=== Section Start ===
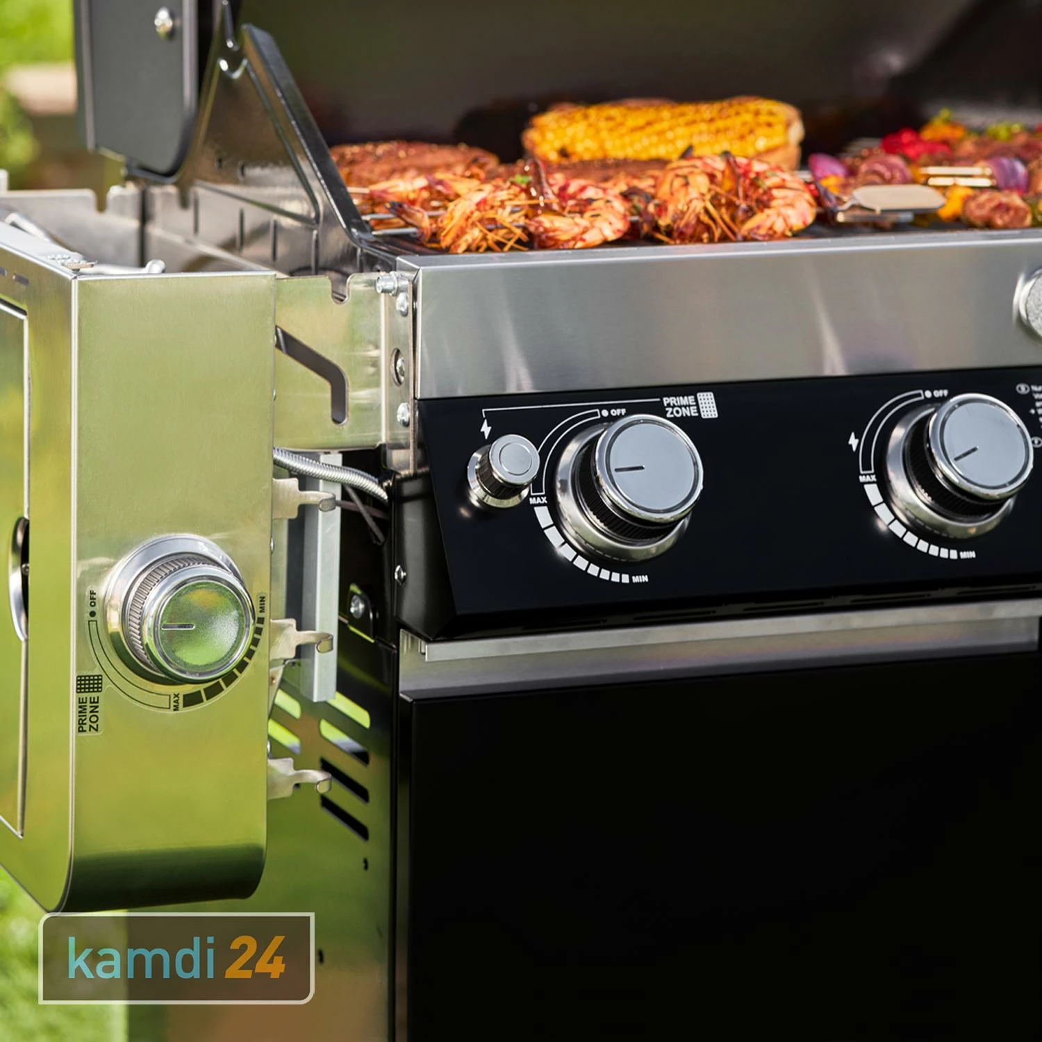 Die Primezone arbeitet mit 3,5 kW und ist mit einer elektronischen Zündung ausgestattet. Auf der 800 °C heißen Zone können Sie das Grillgut vor dem Servieren mit einem krossen Finish versehen – oder Sie braten das Fleisch zu Beginn kurz von allen Seiten scharf an und lassen es anschließend bei indirekter Hitze garziehen.
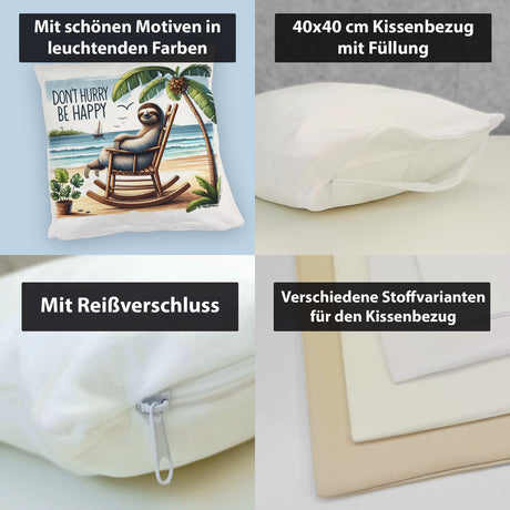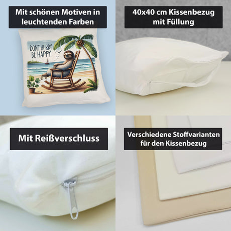 Ab €12,95Grundpreis /Nicht verfügbarAuf LagerFaultier am Strand Kissen mit Spruch Don't hurry - be happy
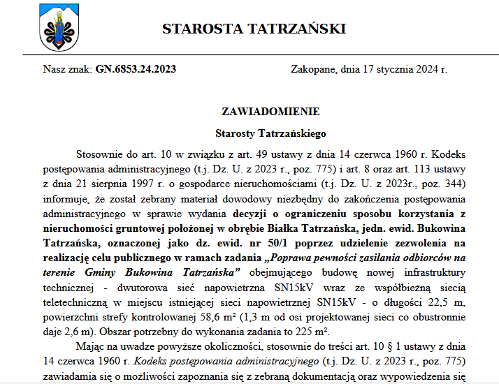 instytucja: Starostwo Powiatowe w Zakopanem
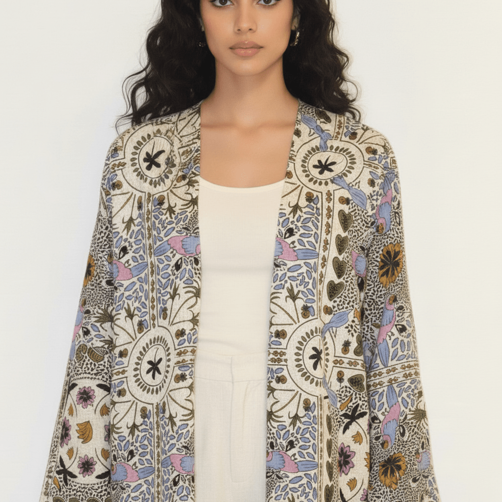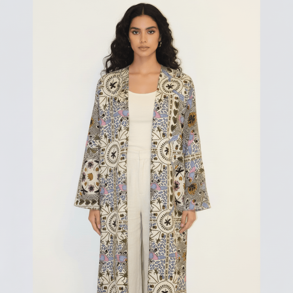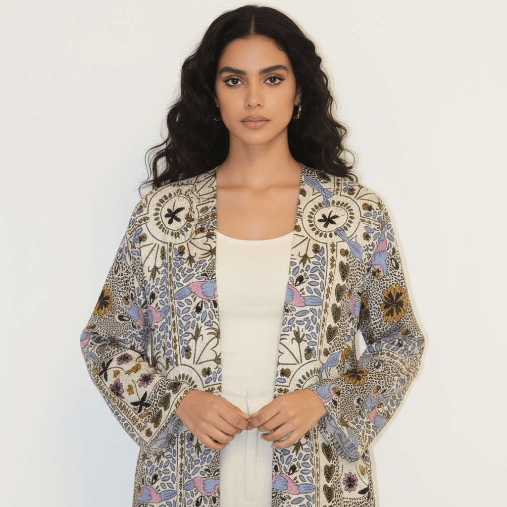Crafted from breathable soft linen, this abaya showcases a mosaic-inspired embroidered design that combines rich texture with modern modesty. The open-front cut and airy fabric make it both comfortable and versatile—ideal for elevating everyday looks or adding elegance to special occasions.
=== Section End ===
Problem to solve » Only the lines from the one holding "instytucja: Starostwo Powiatowe w Zakopanem" through the end of the data are to be printed, exactly as they stand and with no pictures.

Result »
 instytucja: Starostwo Powiatowe w Zakopanem
Crafted from breathable soft linen, this abaya showcases a mosaic-inspired embroidered design that combines rich texture with modern modesty. The open-front cut and airy fabric make it both comfortable and versatile—ideal for elevating everyday looks or adding elegance to special occasions.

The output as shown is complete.